On the morning of Aug. 27, 2013, one thought dominated the mind of Lowndes County School District Superintendent Lynn Wright.
“We’re close,” he thought as he considered his next move the morning after voters in the school district defeated a $47 million bond issue to fund the second phase of the district’s building project, which included a centrally located career tech center.
The bond issue failed to win the necessary 60-percent vote by just 147 votes. Though Wright was advised to forget about the issue for a while, he remained hopeful.
Forty months later, Wright’s hope had paid off when voters approved a new $44 million bond issue. He repeated those two words.
“We’re close,” he said, as he, along with assistant superintendent Robin Ballard and maintenance supervisor Greg Wheat, provided an informal tour of the school district’s sprawling new career tech center.
“I’d say it’s about 95 percent finished,” Wheat said, as work continued throughout the $11 million, 55,000 square-foot facility.

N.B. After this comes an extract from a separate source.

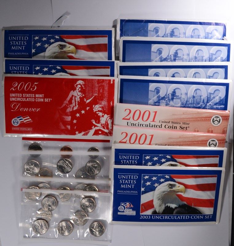 2000-P QUARTERS, 2001-P QUARTERS, 2005-P QUARTERS, 2003-D IN MINT CELLO PACKS, ( 2 )2001-D, ( 4 ) 2002-P, ( 4 ) 2003-P & ( 1 ) 2005-D IN MINT ENVELOPES, TOTAL OF $28.69 FACE VALUE ALONE! ESTIMATE, $60.00 TO $70.00

The main construction is over. Workers are busy adding finishing touches in anticipation of the facility’s opening in August, five years after that initial failed bond issue.
Since the second bond proposal was approved by voters, Wright said, the board has unanimously supported the project. The two big-ticket items — the New Hope High School and the career tech center — will both be open to students in the fall.
Wright beamed with pride as he led the tour of The Lowndes County Career and Technical Center.
Set far back off Lehmberg Road, the nearly completed center is an imposing structure. Up close, the most striking impression is how spacious all of the instruction areas are. Nine separate fields of study — automotive service technician, construction core, teacher academy, health sciences, industrial maintenance, welding, polymer science, culinary arts and engineering/robotics — are provided with room to grow.
“Right now, we have a little less than 100 students in our vocational programs at the three high schools,” Wright said. “Next fall, we expect to have 450 students enrolled in programs here.”
Wright said he believes the facility can easily accommodate 500 students or more.
The north side of the building features four massive rooms, complete with roll-up bay doors, and high ceilings for the industrial maintenance, welding, construction core and automotive programs. Although the equipment required for these programs won’t be installed until after the school year ends — much of that equipment is already being used at the schools — some special features are already in place. Fourteen individual welding bays have been constructed for the welding class, while the automotive service classroom is being prepared for its hydraulic lifts.
The middle section of the building features one of four new programs — the polymer science department, a 250-seat theater style auditorium, complete with a drop-down video screen.
“We’ve been working closely with Mississippi State on developing the polymer science program since it’s new for us,” Wright said. “They are helping us find an instructor in addition to helping us put together the program.”
Unlike most of the departments, the equipment for the culinary arts program is already in place. The roomy kitchen, outfitted with its shiny array of equipment, rivals that of any large restaurant. A room adjacent to the kitchen will be used for dining service, allowing students to gain experience in the entire culinary process, from food preparation to table service.
“It’s my favorite part of the building,” Wright said, laughing as he rubbed his stomach.
The south end of the building features classroom space for engineering/robotics, the teacher academy and health sciences.
The facility also includes office space, a board room and a kitchen for use of the staff, which will include nine instructors along with the man who will be in charge of the operation, Percy Lee, the district’s Tech Prep director.
Students will be divided between three 100-minute blocks, beginning at 8 a.m., with 200 students in each of two morning blocks and 150 in the afternoon block.
Wright said he also hopes to make the facility available to adult learning programs in the evening.
“We really see this as something the whole community can use,” Wright said. “Programs like the (Greater Columbus) Learning Center are already showing interest.”
Wright said businesses and industries throughout the county have also been in touch.
“We’re not just talking about the PACCARs and Steel Dynamics, but smaller industries, too,” he said. “We’ve really had interest from all over the county, from big and small.”